## Prompt
Would you copy exactly the lines in the data below from the one that has "陳振聰18日穿上一套黑色西裝" through the one that has "Minister of Foreign", dropping any pictures?

## Given data
· · · · · · ·

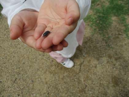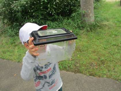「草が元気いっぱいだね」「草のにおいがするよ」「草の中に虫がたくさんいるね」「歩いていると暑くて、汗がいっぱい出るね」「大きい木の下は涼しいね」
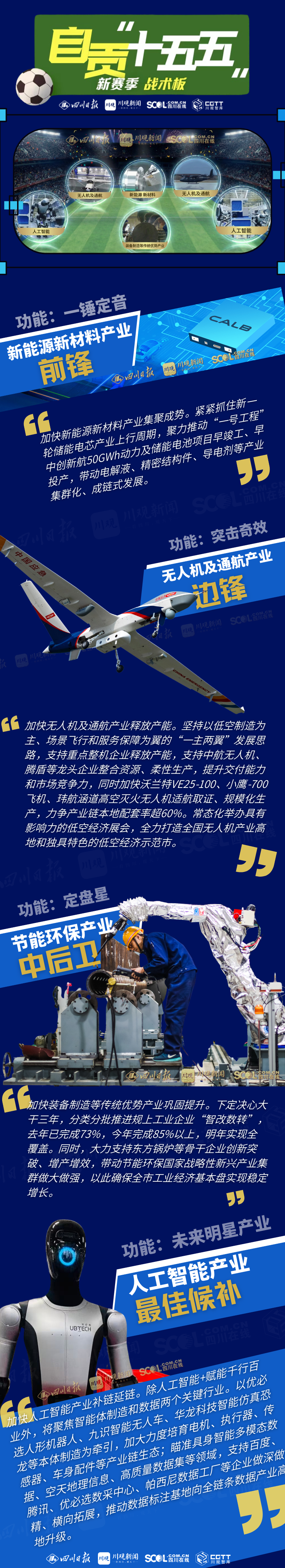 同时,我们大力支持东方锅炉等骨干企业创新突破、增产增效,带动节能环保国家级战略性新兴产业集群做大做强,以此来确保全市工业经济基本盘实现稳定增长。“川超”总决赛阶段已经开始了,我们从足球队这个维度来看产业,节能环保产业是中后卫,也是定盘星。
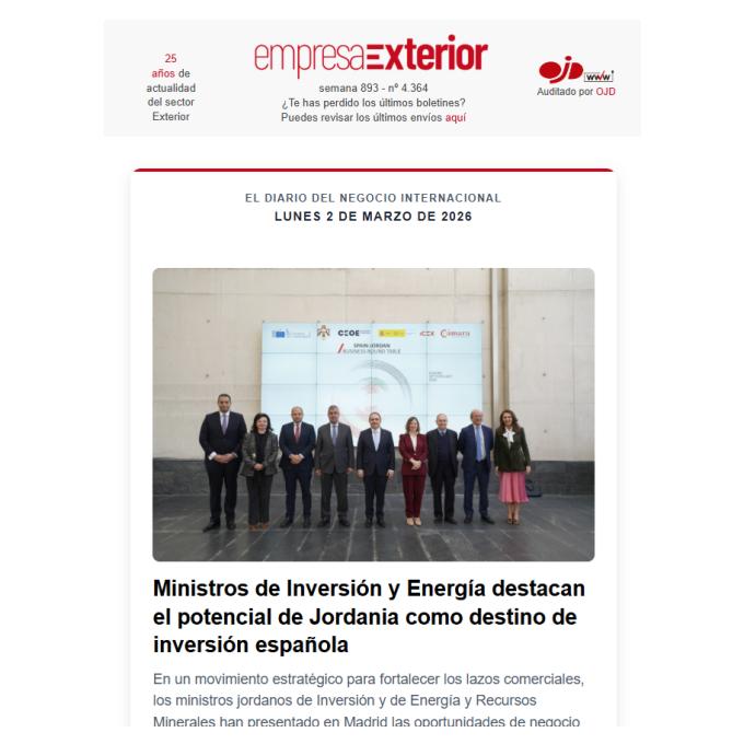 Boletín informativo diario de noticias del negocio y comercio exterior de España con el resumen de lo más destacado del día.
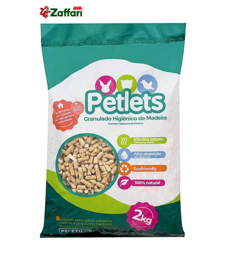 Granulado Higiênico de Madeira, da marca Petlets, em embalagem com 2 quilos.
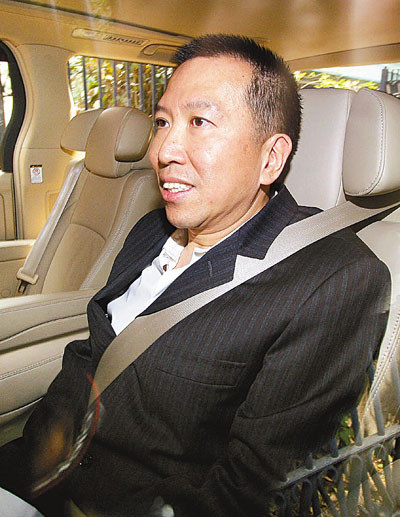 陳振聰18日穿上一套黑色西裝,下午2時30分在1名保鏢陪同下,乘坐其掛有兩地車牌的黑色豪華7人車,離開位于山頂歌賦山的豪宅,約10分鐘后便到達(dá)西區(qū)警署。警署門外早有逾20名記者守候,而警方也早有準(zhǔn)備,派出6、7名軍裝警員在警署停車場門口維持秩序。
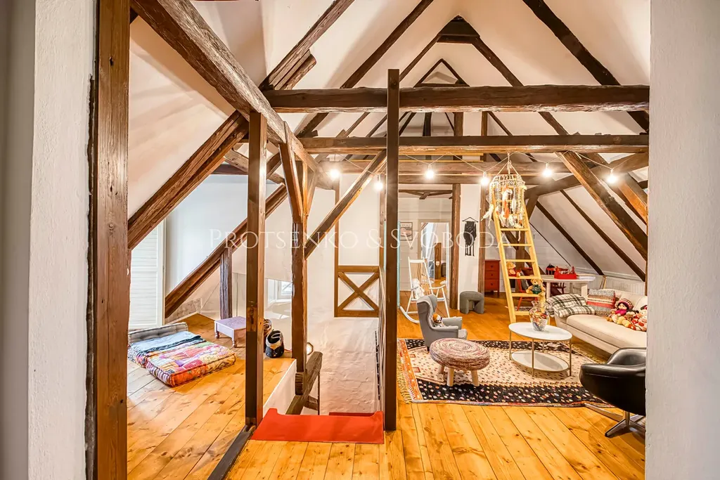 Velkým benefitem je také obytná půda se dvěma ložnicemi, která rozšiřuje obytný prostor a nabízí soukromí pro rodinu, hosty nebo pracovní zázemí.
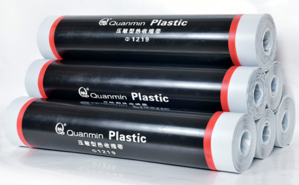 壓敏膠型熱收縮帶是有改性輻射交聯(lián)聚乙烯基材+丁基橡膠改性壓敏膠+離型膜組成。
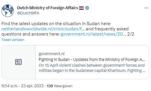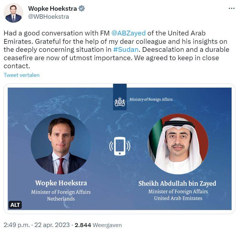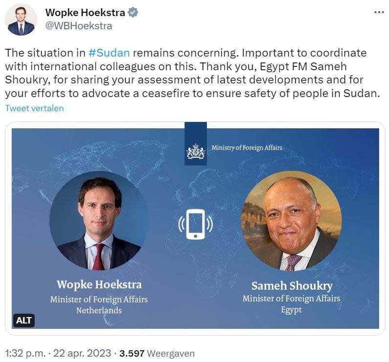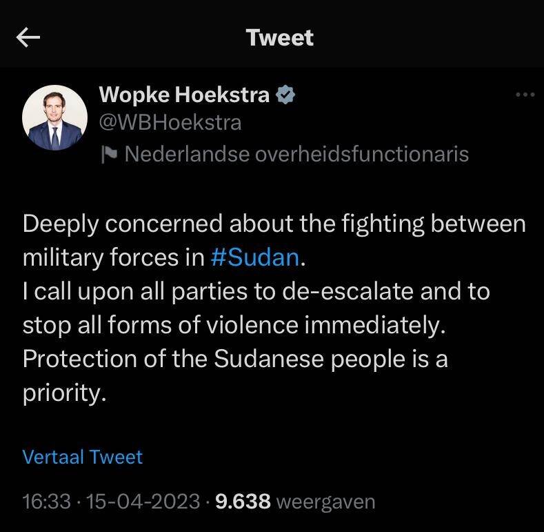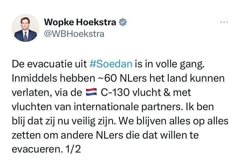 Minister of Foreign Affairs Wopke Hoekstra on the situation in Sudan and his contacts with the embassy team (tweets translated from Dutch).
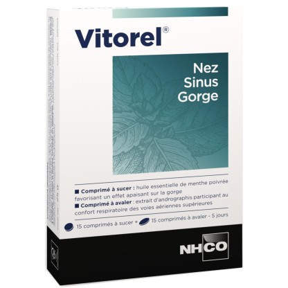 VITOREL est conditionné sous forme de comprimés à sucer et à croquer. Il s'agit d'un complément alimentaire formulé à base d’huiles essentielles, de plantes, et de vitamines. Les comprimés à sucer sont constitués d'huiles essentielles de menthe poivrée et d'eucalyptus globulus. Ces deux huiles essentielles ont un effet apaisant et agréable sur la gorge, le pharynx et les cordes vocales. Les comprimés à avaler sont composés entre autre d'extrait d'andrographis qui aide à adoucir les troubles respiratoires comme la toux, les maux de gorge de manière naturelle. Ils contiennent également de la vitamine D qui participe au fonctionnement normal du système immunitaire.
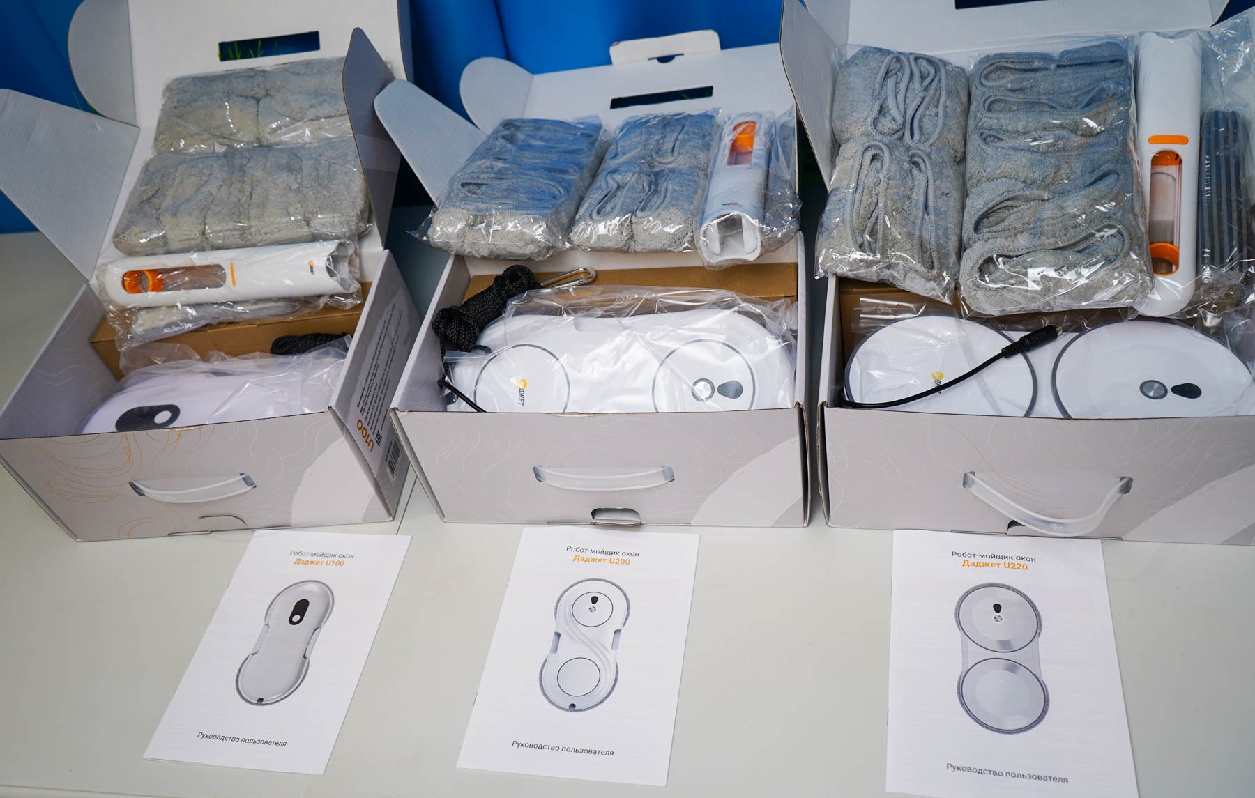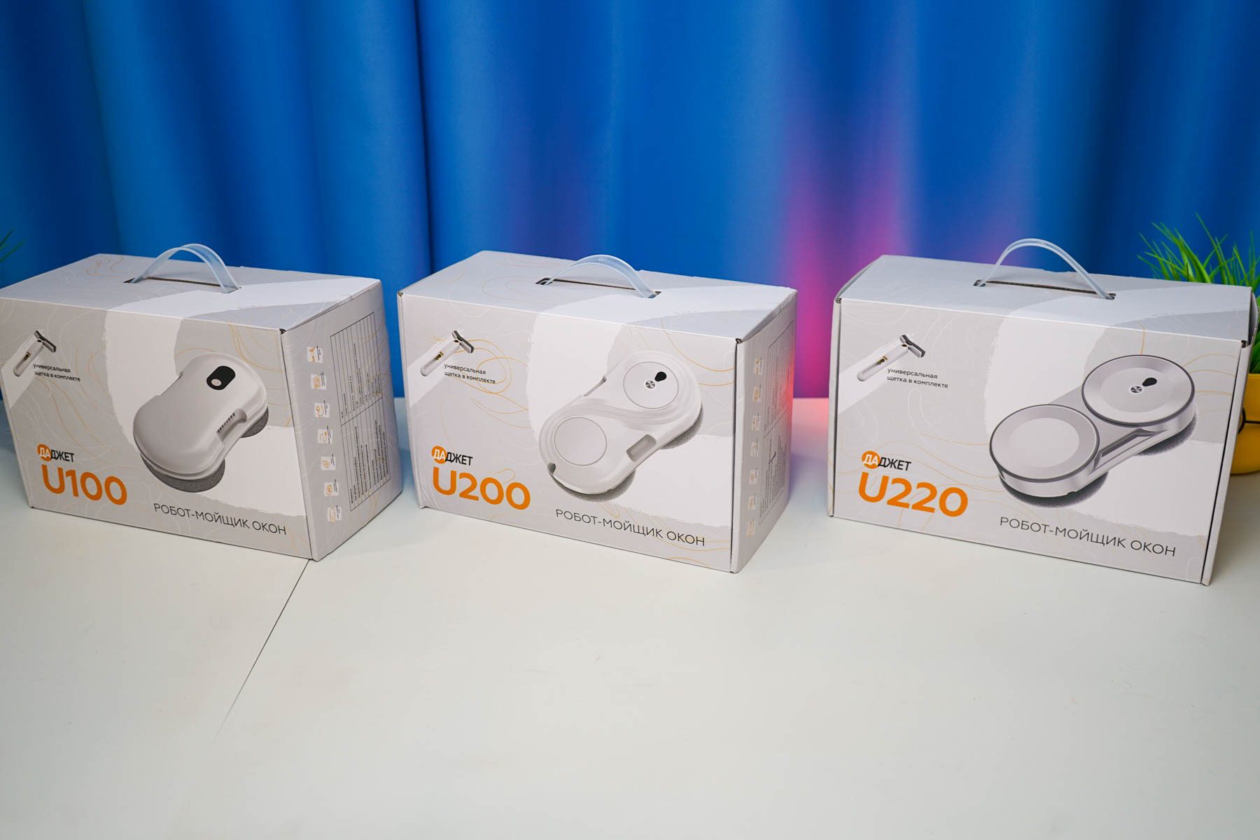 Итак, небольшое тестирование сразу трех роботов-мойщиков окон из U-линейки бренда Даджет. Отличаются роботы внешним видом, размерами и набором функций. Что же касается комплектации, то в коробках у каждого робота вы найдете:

· · · · · · ·

## Exercise response
 陳振聰18日穿上一套黑色西裝,下午2時30分在1名保鏢陪同下,乘坐其掛有兩地車牌的黑色豪華7人車,離開位于山頂歌賦山的豪宅,約10分鐘后便到達(dá)西區(qū)警署。警署門外早有逾20名記者守候,而警方也早有準(zhǔn)備,派出6、7名軍裝警員在警署停車場門口維持秩序。
 Velkým benefitem je také obytná půda se dvěma ložnicemi, která rozšiřuje obytný prostor a nabízí soukromí pro rodinu, hosty nebo pracovní zázemí.
 壓敏膠型熱收縮帶是有改性輻射交聯(lián)聚乙烯基材+丁基橡膠改性壓敏膠+離型膜組成。
 Minister of Foreign Affairs Wopke Hoekstra on the situation in Sudan and his contacts with the embassy team (tweets translated from Dutch).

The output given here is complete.